To start, I had never thought about how much time I spend on my period. Given that it’s only a few days a month, I had never appreciated just how much time and money I will spend on it in my life time. Looking at the figures- 3500 days on my period and 11,000 tampons over forty years, I’ve realised I seriously need to think more about how much I spend and what I spend my money on. Do I want to be taxed on my periods- no not really? Do I want to be taken advantage of in an airport because they know I’m desperate; Fuck no. However, I also recognise that I am one of the ones who have the disposable income to afford any pad or tampon I want and live in a country where I will never be in short supply.
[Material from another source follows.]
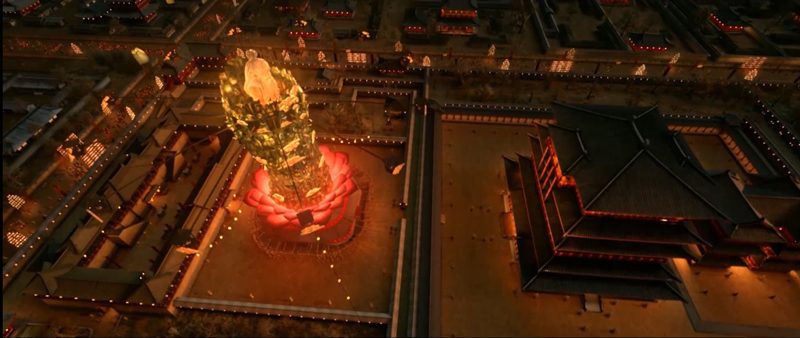 กิจกรรมส่งท้ายเทศกาลยิ่งใหญ่แห่งปี ก็คือรับชมความงามของโคมไฟยักษ์ต้าเซียน ซึ่งจะจุดในปลายยามโฉ่วที่ฮ่องเต้จะเสด็จขึ้นหอฮวาเอ้อเพื่อจุดไฟ หอโคมนี้สูงร้อยห้าสิบเซี๊ยะ กว้างยี่สิบสี่ห้อง ด้านนอกติดแพรหลากสี โครงสร้างซับซ้อน ทันทีที่จุดไฟจะหมุนไม่หยุดเปล่งแสงหลายลี้ เป็นสิ่งมหัศจรรย์ที่ไม่เคยมีมาก่อน

But what about those around the world who don’t? What about women in refugee camps who aren’t supplied sanitary products whilst they seek refuge? I complain about being late to classes because I had to run to a convenience store to buy some emergency tampons but what about millions of young girls in the developing world who can’t even go to school because they are hindered and shunned because of their periods. What about them?
What do Bodyform and Tampax do about these girls? Why am I being charged every month for synthetic and artificial pads just to fund some businessmen who don’t understand women’s needs, instead of charging me over the odds because they know they can? Does any of my money help the people that really need it?
Concurrent with my questioning of the femcare industry, I have also realised that conversations about our own periods aren’t anywhere near common enough. I have been conditioned to believe that I should keep my period secret; I’ve hidden my tampon up my sleeve walking out class, I’ve told boys I have food poisoning instead of period cramps and I still remember my fourteen-year-old-self waiting until everyone had left an English lesson because I was scared I had stained my white jeans. Magazines and adverts have told me that my period is something to be ashamed of, using sterile blue liquid to represent blood, and telling me I’m not myself when I’m on my period.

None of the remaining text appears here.